Now we'll improve it by adding a new feature - the square root of x.
x_w_sqrt = Nx.concatenate([x, Nx.sqrt(x)], axis: 1)
x_test_w_sqrt = Nx.concatenate([x_test, Nx.sqrt(x_test)], axis: 1)
# Result
#Nx.Tensor<
f32[314][2]
EXLA.Backend<host:0, 0.1855147666.821166100.63419>
[
[53.0, 7.280109882354736],
[83.0, 9.110433578491211],
[60.0, 7.745966911315918],
[90.0, 9.486832618713379],
...
]
>
Simple, isn't it? Just remember that from now on, you need to add the new feature to all feature sets - for training, test, and predictions. And for this data set we'll get...
# features - [displacement, sqrt(displacement)]
LinearRegression.r2(trained_model.weights, x_test_w_sqrt_std, y_test)
|> Nx.to_number()
|> IO.inspect(label: "Accuracy")
# Result
Accuracy: 0.7282562255859375
The accuracy went up from ~0.63 to ~0.73 using the very same data and some feature engineering! Nice! And how it will impact the prediction function shape? Let's see...
Looks pretty good! I hope you can feel it.
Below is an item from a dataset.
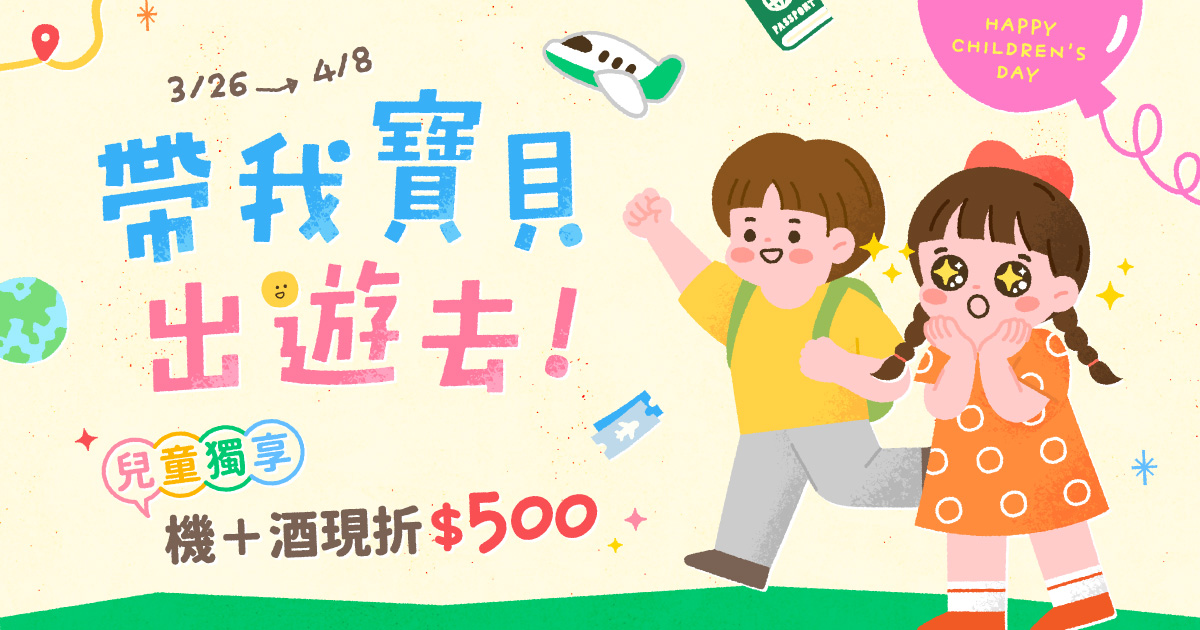 兒童節快樂,快帶家中的小寶貝一起出發旅行吧!活動期間3/26 ~ 4/8訂購全航線機加酒,每位兒童折500元,暢玩主題樂園、探索城市景點,和孩子一起創造難忘美好的回憶!

To have a better idea of how feature engineering and feature selection impact the accuracy I did a few additional tests with different feature combinations.
Features | Accuracy | R² (MSE) |
all | 0.7895334959030151 | 16.324716567993164 |
all + sqrt() | 0.8667313456535339 | 10.336909294128418 |
all except passedemissions and acceleration | 0.7957956194877625 | 15.838998794555664 |
all + sqrt() except passedemissions and acceleration | 0.8683594465255737 | 10.210624694824219 |
passedemissions | 0.5237807035446167 | 36.937686920166016 |
cylinders | 0.6247956156730652 | 29.10251808166504 |
displacement | 0.6442053318023682 | 27.597017288208008 |
displacement + sqrt() | 0.7580759525299072 | 18.76470375061035 |
horsepower | 0.6671119928359985 | 25.820274353027344 |
horsepower + sqrt() | 0.738216757774353 | 20.305068969726562 |
weight | 0.6993056535720825 | 23.32318878173828 |
weight + sqrt() | 0.7324317097663879 | 20.7537841796875 |
acceleration | 0.2165735960006714 | 60.76603317260742 |
modelyear | 0.3578674793243408 | 49.8066520690918 |
First note: features with square root feature perform better than the original set. acceleration
was the most useless feature (accuracy around 0.22, R² equals almost 61!). But performance with and without this feature was pretty much the same. The regression handles such features by setting their weights to be close to zero, so they're insignificant.
The biggest surprise for me here is that passedemmisions
did better than modealyear
- accuracy of ~0.52 vs 0.36.
Conclusions
Feature engineering is about improving feature set by scaling or creating new ones. Common practice is to apply some functions to a feature like raising to a given power (polynomial regression).
Feature engineering is quite fun because it requires both soft skills like creativity and intuition, and hard mathematical skills, like identifying mathematical function shapes and formulas.